Durante la guerra, con varios humanitarios occidentales, fue secuestrada por uno de los ejércitos en lucha. Del todo aturdida, sin gafas, encerrada en una cuadra sin luz, tres décadas después sigue impresionada por las manos de uno de sus secuestradores. Manos que, a escondidas, decidieron ayudarla por debajo de la puerta dándole comida y enviando mensajes al exterior. Ella no las podía ver.

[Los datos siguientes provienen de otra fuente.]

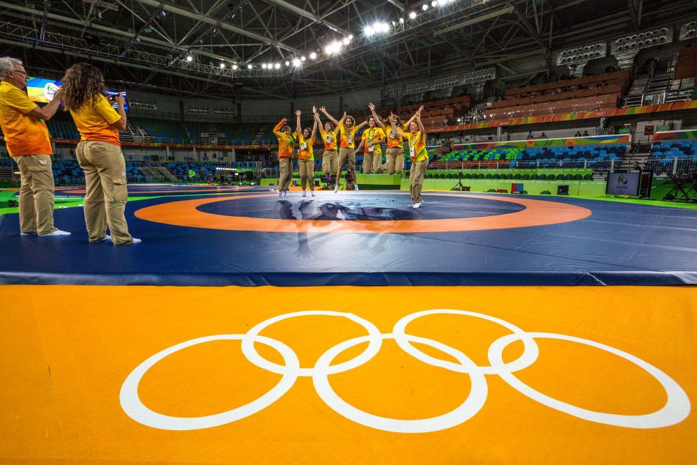 2016年8月18日,在里约奥运会摔跤场馆内,场馆工作人员和志愿者在摔跤垫上合影留念,这届奥运会的摔跤垫来自中国山东bb贝博Ballbet集团。新华社记者刘彬摄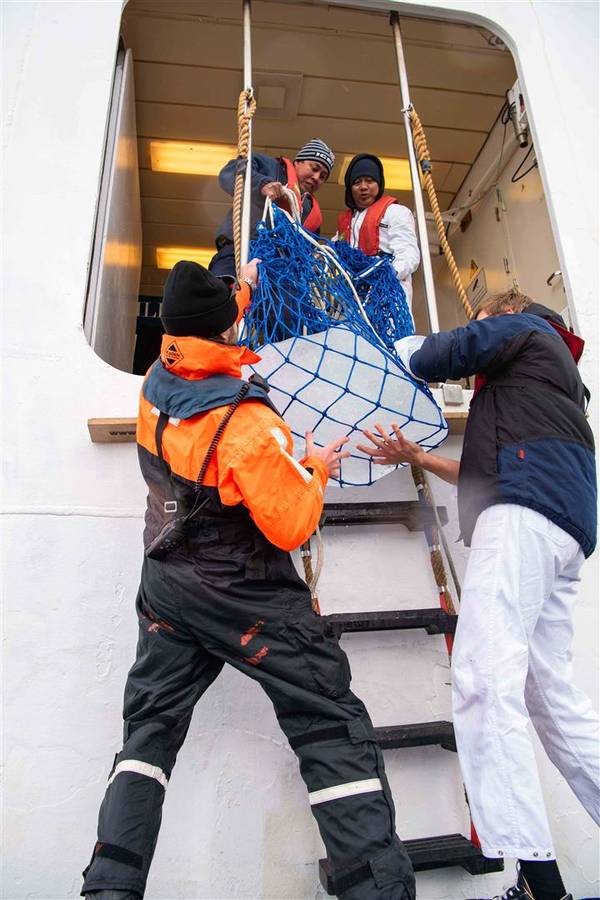 Von den Decks und den Balkonen ihrer Suiten sehen nun die Gäste zu, wie das Zodiac „Papeete“, gesteuert von Safety Officer Tobias Müller, aufbricht. Mit einem Netz käschern er und Kadett Alexander Schmitt einige schöne Brocken aus dem Wasser. Zwei große und drei kleine. Insgesamt 140 Kilogramm Eis. Mit Unterstützung einiger Matrosen wird es an Bord gewuchtet. Und alle Gäste freuen sich auf den Drink am Abend. Bis dahin hat das Schiff diesen zauberhaften Ort bereits wieder verlassen und sich auf den Weg gemacht nach Puñihuil. Die kleine Inselgruppe im Pazifik verfügt über den einzig bekannten Ort, an dem Humboldt- und Magellan-Pinguine gemeinsam brüten.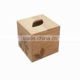 Wood Square Tissue Box With Laser Logo, Tissue Holder With Carved Pattern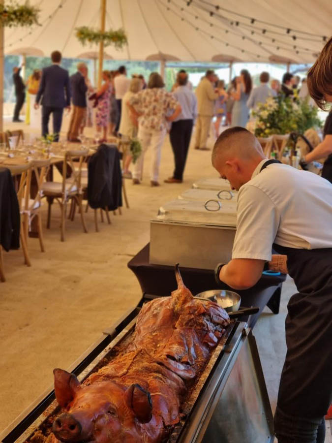 Our pre-wedding hog roast dinner at Euridge Manor, catered by Spitting Pig, was a great addition to our wedding weekend festivities! The food was incredible—perfectly cooked, flavorful, and plentiful. There was so much left over that we were able to enjoy it as a post-wedding midnight snack the following day, which was a real treat.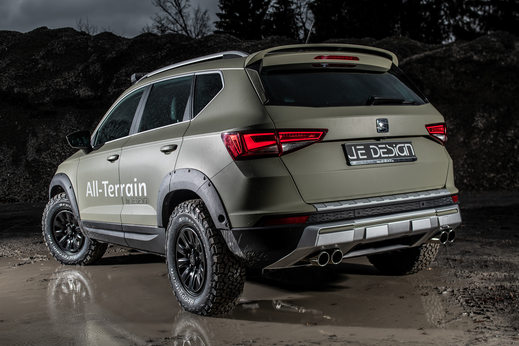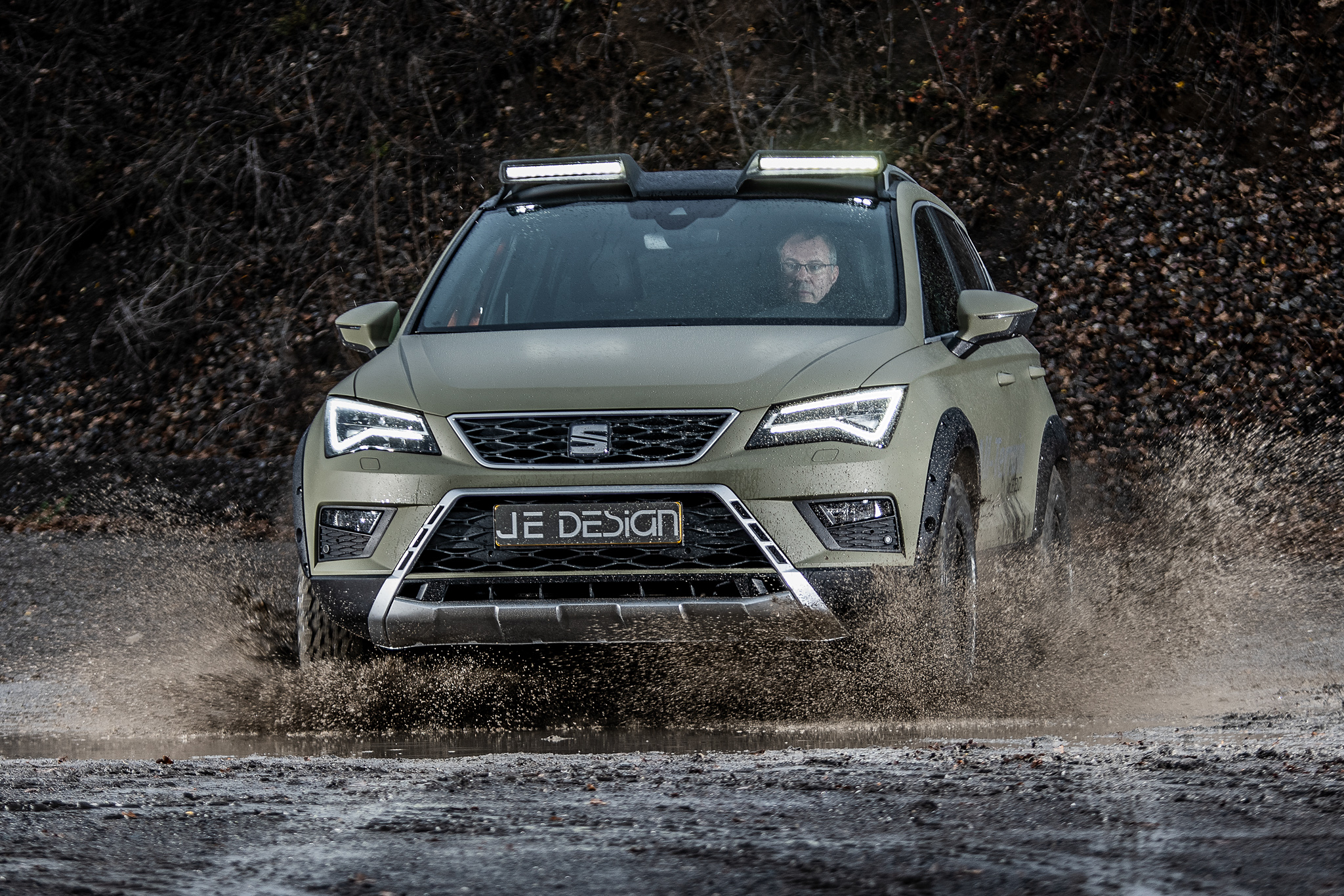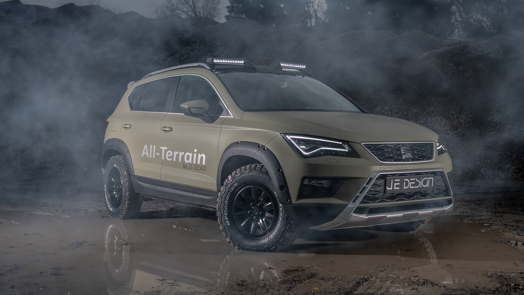 Based on the Seat Ateca Reference, Style or Excellence 2.0 TDI 4Drive, the JE DESIGN “All Terrain” features a raised ride height and off-road tyres under muscular wheel arch extensions. At home off the beaten track, the “All Terrain” is the ideal companion for lovers of the country lifestyle.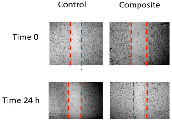 A scratch wound assay was carried out to determine whether the treatment of CS-CQD-TiO2-GO influenced cell migration and invasion. For the controlled cells, considerable cell migration was seen after 24 h, as illustrated in Figure 12. However, after being treated with CS-CQD-TiO2-GO, injured NIH3T3 fibroblast mouse cell monolayers swiftly healed the gap over the course of 24 h, just like in the control group.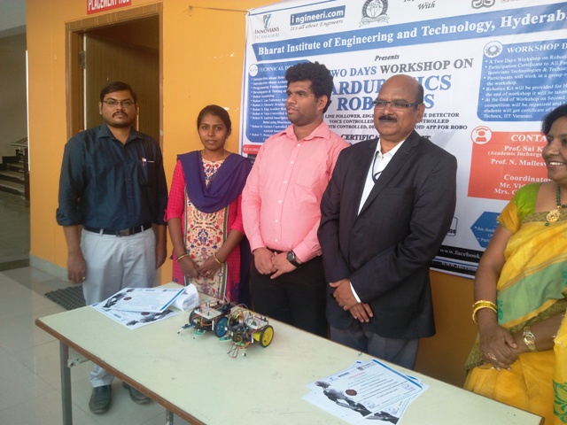 Two DAY Workshop on Robotics for the B.Tech Mech. Students organized by IIT VARANASI in collaboration with Innovians Technologies was organised on 5th and 6th march 2018 at BIET Campus.The students created 5 projects of Robots with Voice Recognition,Bluetooth Device,and Obstacle distractor .40 students enthusistically participated in the workshop.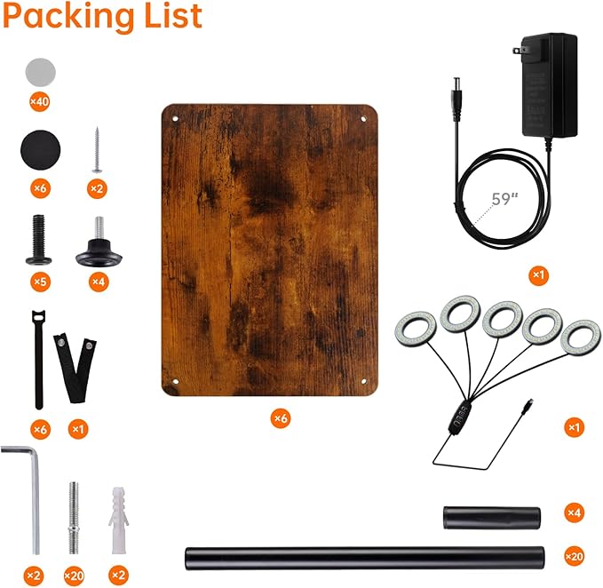 - Easy Assembly - Assembly is straightforward with provided tools and clear instructions. Each component, including wooden boards, screws, and metal rods, is clearly labeled for hassle-free setup. Includes 4 foot pads for added stability and cable ties for a tidy appearance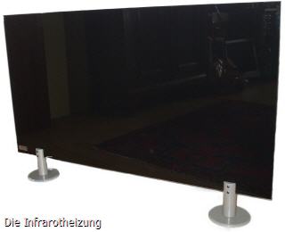 Die Infrarotheizungen können mit den Alu-Rundfüßen sowohl hochkant als auch quer aufgestellt werden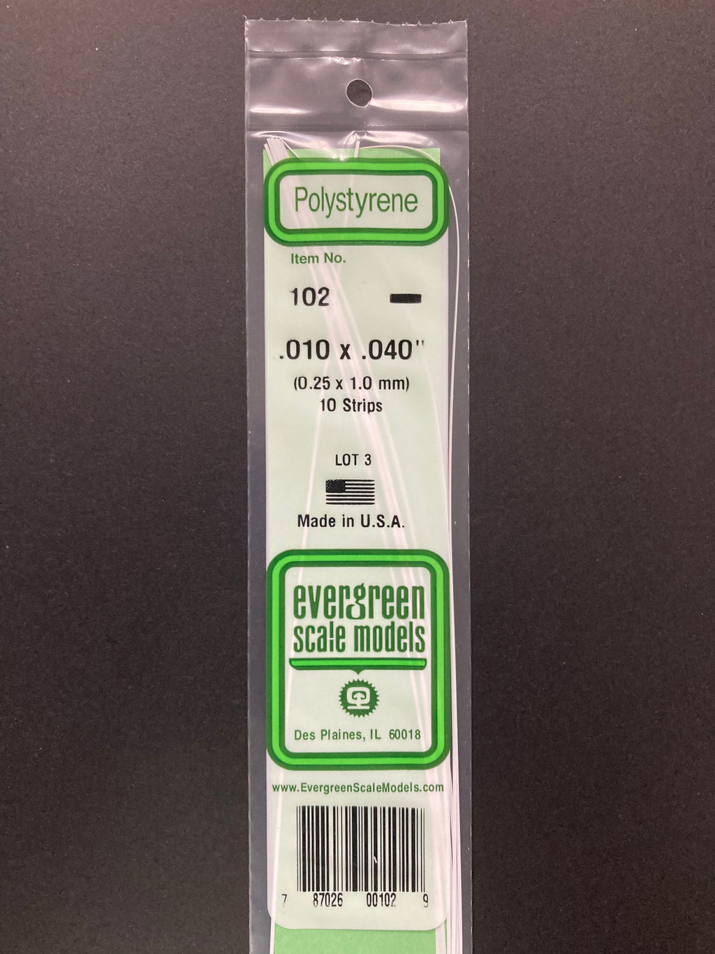 0.25 x 1.0 mm Opaque White Dimensional Polystyrene Strips (10 Strips) Item No: 102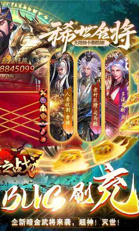 1.史诗全新BUG版本,上线即送8888万8888元宝、3亿银两、兔年大红包*10、专属称号!还有线下五百抽!全套红将!全套武将神兵!等你来拿!游戏福利一次搞定! 2.匠制作心BUG工具,在继承原有福利的基础上,程序解锁了游戏BUG,每激活一项功能就能免费领取BUG奖励!千抽?时装?永久称号?永动免费代金点?我全都要! 3.策划钜制,全新养成系统丹药,四象神丹养成获取海量战力,助你驰骋沙场,主公神武一骑当千!还有BUG福袋,关关必掉,元宝、材料、真充全都在里面! 4.新版本暗金武将来袭,超神!灭世!无双!光环!全新阵容组合彰显主公勇武!七天登录可免费全套+3金将及两千抽,主公阵容猛将如云。 5.超强BUG内部号,终身返利领不停!次日登录免费获取。提升BUG等级获取更多每日奖励,白拿活动累充福利档位! 6.上线免费特权激活无限打金,四大特权转盘免费抽取保底大奖!通关精英、噩梦关卡掉落代金卡碎片,免费合成获得代金点购买相关内容。还有更多福利内容游戏里体验,游戏福利不仅仅一次而已!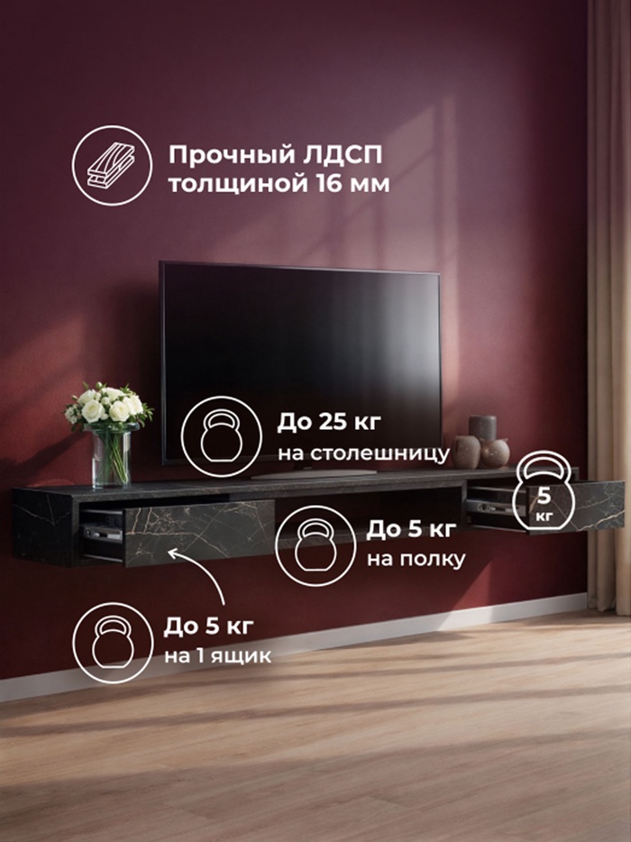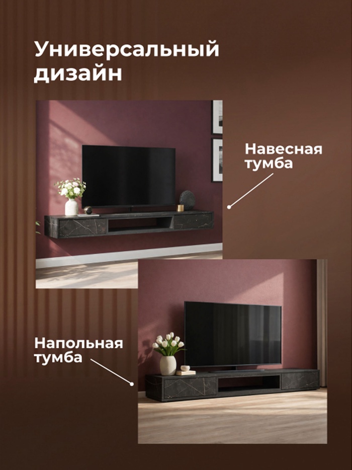 ТВ-тумба Делора 1,6 м файерстоун / черный

Sólo tocar.
Cada mano humana tiene 27 huesos y 35 músculos, suficiente para escribir Mein Kampf o Winnie the Pooh , decía la poetisa polaca Wislawa Szymborska.
Mi amiga exyugoslava rechaza poner adjetivos nacionales a “esas manos” (“esas manos”, repite, como si no tuvieran explicación). Ni a los que la secuestraron. “No me secuestró una nación, sino seres con nombres y apellidos”.
Esas manos no eran serbias, croatas o musulmanas, como las manos de la novia de Rembrandt no eran judías. Que era una novia judía se lo imaginó el banquero que en 1833 compró el cuadro. Los expertos dicen que son Isaac y Rebeca, pero intuyo que la pareja bíblica es un disfraz de seres que vivían cerca del pintor, o escondidos en su mente.
“Soy estudiante de Filosofía”, le dijo a mi amiga la voz detrás de la puerta.
Las personas, como las ciudades o los adjetivos, se nos acaban escurriendo de las manos. Hasta que, con el tiempo, se nos escurren las propias manos.